Memory corruption in Windows 10 guest / amd64

Bug #1728256 reported by Wüstengecko
This bug report is a duplicate of:  Bug #1738972: [A] KVM Windows BSOD on 4.13.x. Edit Remove
30
This bug affects 5 people
Affects Status Importance Assigned to Milestone
QEMU
New
Undecided
Unassigned
linux (Ubuntu)
Confirmed
Undecided
Unassigned

Bug Description

I have a Win 10 Pro x64 guest inside a qemu/kvm running on an Arch x86_64 host. The VM has a physical GPU passed through, as well as the physical USB controllers, as well as a dedicated SSD attached via SATA; you can find the complete libvirt xml here: https://pastebin.com/U1ZAXBNg
I built qemu from source using the qemu-minimal-git AUR package; you can find the build script here: https://aur.archlinux.org/cgit/aur.git/tree/PKGBUILD?h=qemu-minimal-git (if you aren't familiar with Arch, this is essentially a bash script where build() and package() are run to build the files, and then install them into the $pkgdir to later tar them up.)

Starting with qemu v2.10.0, Windows crashes randomly with a bluescreen about CRITICAL_STRUCTURE_CORRUPTION. I also tested the git heads f90ea7ba7c, 861cd431c9 and e822e81e35, before I went back to v2.9.0, which is running stable for over 50 hours right now.

During my tests I found that locking the memory pages alleviates the problem somewhat, but never completely avoids it. However, with the crashes occuring randomly, that could as well be false conclusions; I had crashes within minutes after boot with that too.

I will now start `git bisect`ing; if you have any other suggestions on what I could try or possible patches feel free to leave them with me.

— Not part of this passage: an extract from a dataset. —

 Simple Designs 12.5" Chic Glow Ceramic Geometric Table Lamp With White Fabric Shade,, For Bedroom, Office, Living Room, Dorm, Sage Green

Revision history for this message
larsk (lars-karlslund) wrote :

I have a similar setup to yours, running on Ubuntu 17.10 Artful. Symptoms are the same. Did you find out what's wrong with 2.10? (Haven't tested 2.9 here)

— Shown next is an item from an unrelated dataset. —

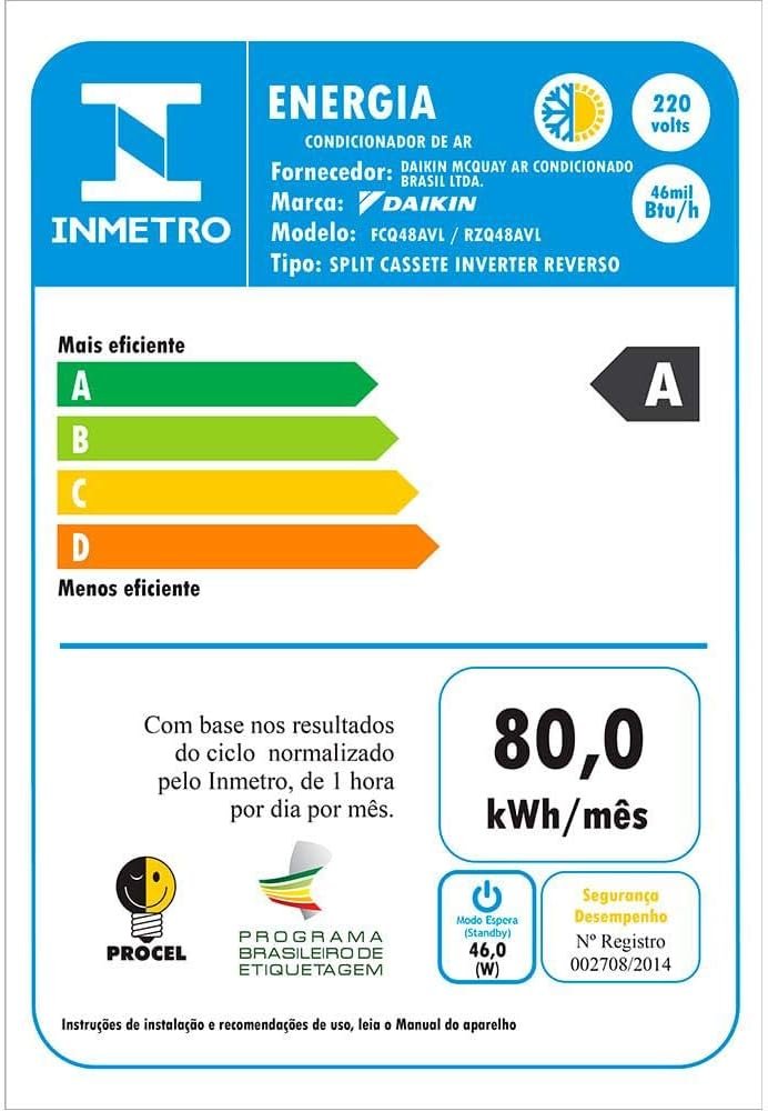Título do Produto: Ar Condicionado Split Cassete Inverter Daikin Skyair Quente e Frio 46000 Btus Fcq48avl 220v 220v

Revision history for this message
Wüstengecko (wuestengecko-deactivatedaccount) wrote :

Unfortunately I have bad news, but I also have (kind of) good news.
Bad news is, 2.9 is NOT stable, contrary to what I believed earlier.
Good news is, I found a correlation between the crashes and converting large video files on an SMB share with ffmpeg, so effectively copying slowly with simultaneously high CPU load. In that constellation it crashed a few times after just hours (instead of days sometimes). I suspect it might be a network related issue. I am now testing the different virtual network hardware that qemu supports (which proved to be difficult due to lack of driver support in Windows).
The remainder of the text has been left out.